D (x) = (0 - 1) 2 1/4 + (1 - 1) 2 1/2 + (2 - 1) 2 1/4 = 1 1/4 + 1 1/4 = 1/2

Note that it is easier to calculate the variance if we use property 3:

D (x) = M (x 2) - M 2 (x).

Let's calculate the variance for the random variables x 1, x 2 from Example 12 using this formula. The mathematical expectations of both random variables are equal to zero.

D (x 1) = 0.01 0.1 + 0.0001 0.2 + 0.0001 0.2 + 0.01 0.1 = 0.001 + 0.00002 + 0.00002 + 0.001 = 0.00204

D (x 2) = (-20) 2 0.3 + (-10) 2 0.1 + 10 2 0.1 + 20 2 0.3 = 240 +20 = 260

The closer the variance value is to zero, the smaller the scatter of the random variable relative to the mean value.

The quantity is called standard deviation. Random variable mode x discrete type Md is called such a value of a random variable, which corresponds to the highest probability.

Random variable mode x continuous type Md, is called a real number, defined as the maximum point of the probability distribution density f (x).
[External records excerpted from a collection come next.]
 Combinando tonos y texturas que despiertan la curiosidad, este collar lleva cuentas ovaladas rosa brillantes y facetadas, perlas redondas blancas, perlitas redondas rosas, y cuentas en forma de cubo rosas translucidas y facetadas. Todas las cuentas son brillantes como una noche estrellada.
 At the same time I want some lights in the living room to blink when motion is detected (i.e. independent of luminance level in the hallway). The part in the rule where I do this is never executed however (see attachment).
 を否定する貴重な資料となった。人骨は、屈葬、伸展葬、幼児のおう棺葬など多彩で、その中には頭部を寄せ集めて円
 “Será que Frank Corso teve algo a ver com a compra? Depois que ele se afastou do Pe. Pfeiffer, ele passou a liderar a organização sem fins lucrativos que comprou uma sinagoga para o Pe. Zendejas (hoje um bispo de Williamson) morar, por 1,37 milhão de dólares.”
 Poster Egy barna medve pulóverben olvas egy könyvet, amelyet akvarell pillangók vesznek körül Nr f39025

The median of a random variable x continuous type Mn is called a real number satisfying the equation

Probability theory is a special branch of mathematics that is studied only by university students. Do you like calculations and formulas? Are you not afraid of the prospect of acquaintance with the normal distribution, ensemble entropy, mathematical expectation and variance of a discrete random variable? Then this subject will be very interesting to you. Let's get acquainted with some of the most important basic concepts in this branch of science.

Let's remember the basics

Even if you remember the simplest concepts of probability theory, do not neglect the first paragraphs of the article. The fact is that without a clear understanding of the basics, you will not be able to work with the formulas discussed below.
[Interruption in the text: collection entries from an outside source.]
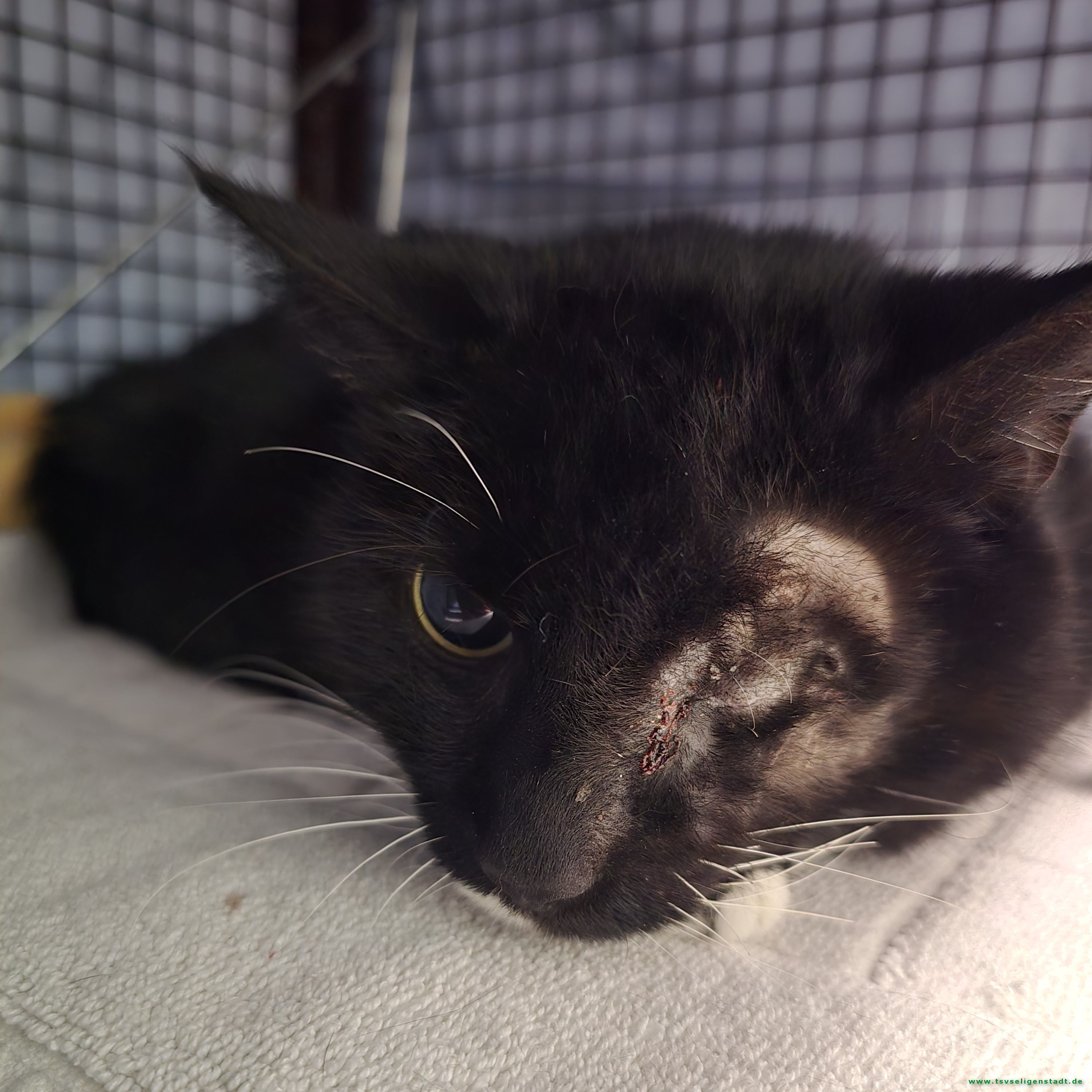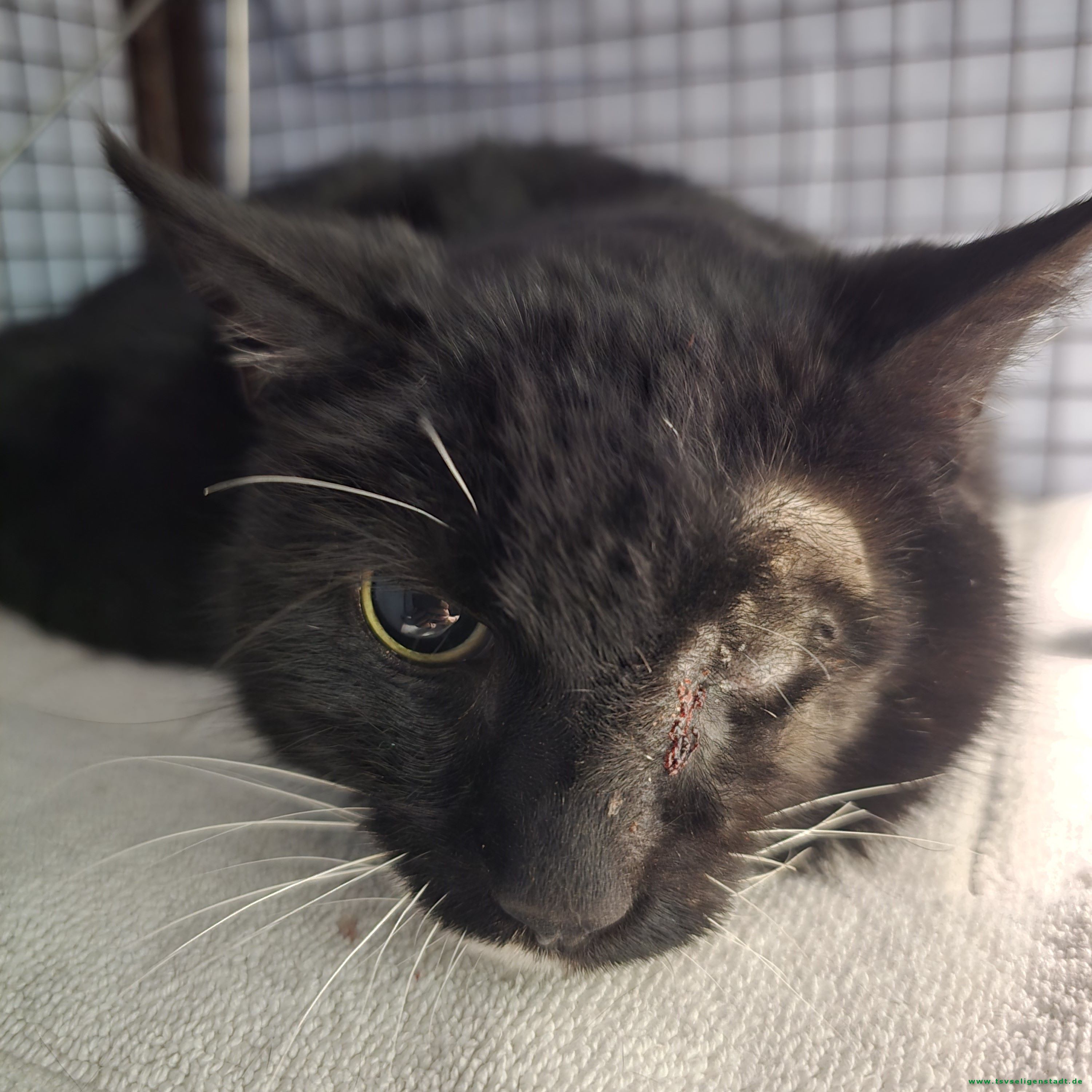 Mercy wurde in Froschhausen gefunden. Sie hatte ein sehr dickes Auge, welches blutete. Das Auge musste entfernt werden, leider sieht sie auf dem anderen Auge auch nur hell und dunkel.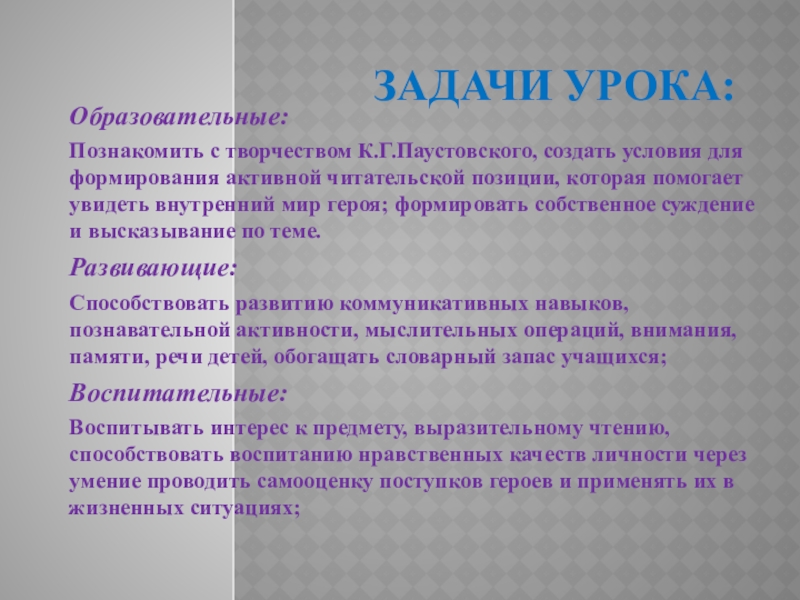 Познакомить с творчеством К.Г.Паустовского, создать условия для формирования активной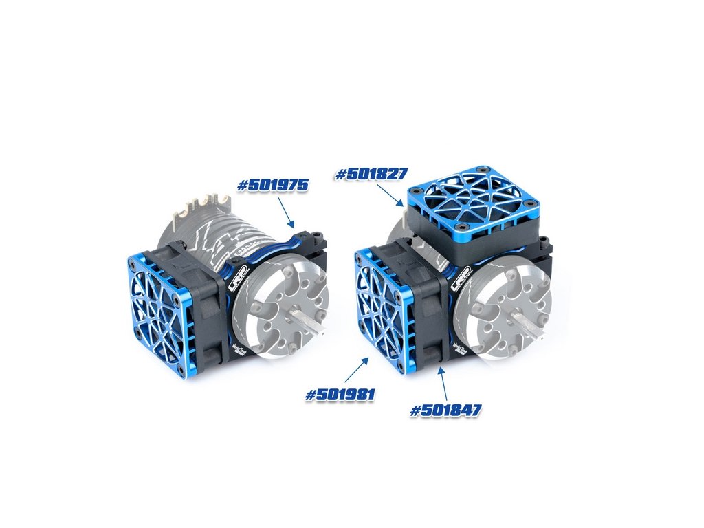 Systém chlazení motoru 1/8E se skládá z našeho hliníkového držáku ventilátoru WorksTeam (L501975), ventilátorů motoru WorksTeam SuperHighRev. (L501847 / L501827) a odpovídající hliníkové bezpečnostní síťky WorksTeam (L501981), která udržuje motor chladný za jakýchkoli podmínek.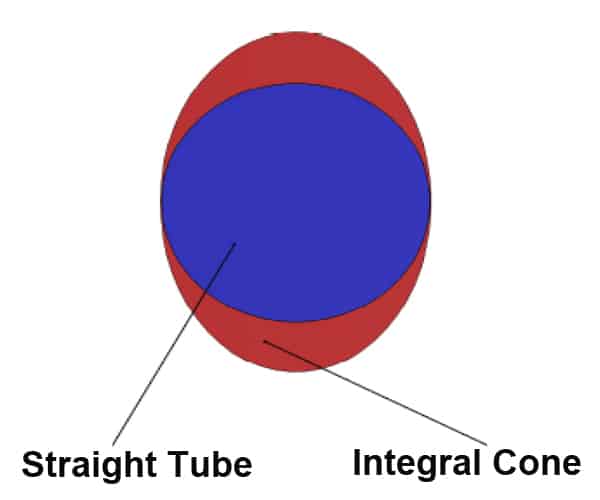 The image at right, with a view looking from above down into the forming tube, shows the larger surface area in the transition zone of an integral cone (red), compared to the smaller surface area in a straight tube (blue). High cut tubes provide an even larger transition zone.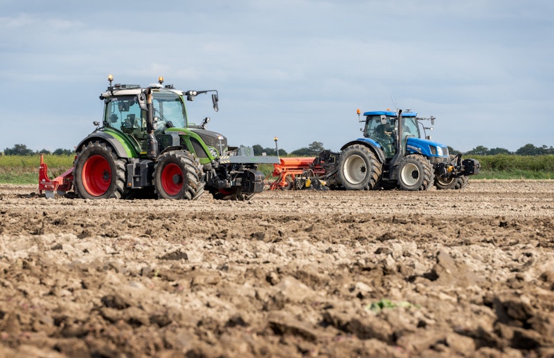 We treffen Jits aan met de trekker op het uienland. De autonome trekker maakt de grond met een woeler los en tegelijk volgt Jits met een andere trekker met rotorkopeg en zaaimachine om in het perceel een groenbemester te zaaien. Het is zijn eerste kennismaking met de autonome trekker.

So there is some random event, a kind of experiment. As a result of the actions performed, we can get several outcomes - some of them are more common, others are less common. The probability of an event is the ratio of the number of actually obtained outcomes of one type to the total number of possible outcomes. Only knowing the classical definition of this concept, you can start studying the mathematical expectation and variance of continuous random variables.

Average

Back in school, in math lessons, you started working with the arithmetic mean. This concept is widely used in the theory of probability, and therefore it cannot be ignored. The main thing for us at the moment is that we will encounter it in the formulas for the mathematical expectation and variance of a random variable.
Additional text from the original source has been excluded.